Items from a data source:

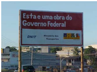
1 - 10/06/2005 - Placa da Obra
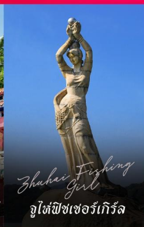
Zhuhai Fishing Girl จูไห่ฟิชเชอร์เก็ท
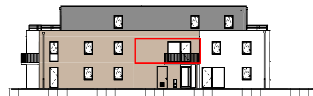
Façade Est - 1/400
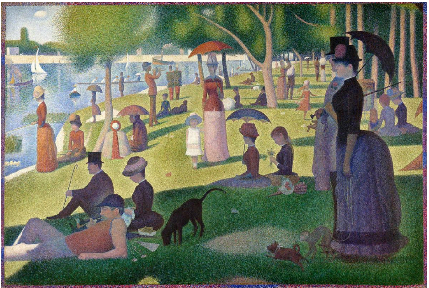
Georges-Pierre Seurat, A Sunday Afternoon on the Island of La Grande Jatte , 1884–1886 ጆርጅ-ፒየር ሴሩት፡ በላ ግራንዴ ጃቲ ደሴት እሁድ ከሰዓት፡ 1884–1886።

You are allowed to use phone or computer-based translation for this assignment. If you do, please send the results to your teacher.

Instructions for the task: Once the line with "Georges-Pierre Seurat, A" is found, write out that line and every one after it through the last line of the records, exactly and with nothing else.

Answer to this task:
Georges-Pierre Seurat, A Sunday Afternoon on the Island of La Grande Jatte , 1884–1886 ጆርጅ-ፒየር ሴሩት፡ በላ ግራንዴ ጃቲ ደሴት እሁድ ከሰዓት፡ 1884–1886።

You are allowed to use phone or computer-based translation for this assignment. If you do, please send the results to your teacher.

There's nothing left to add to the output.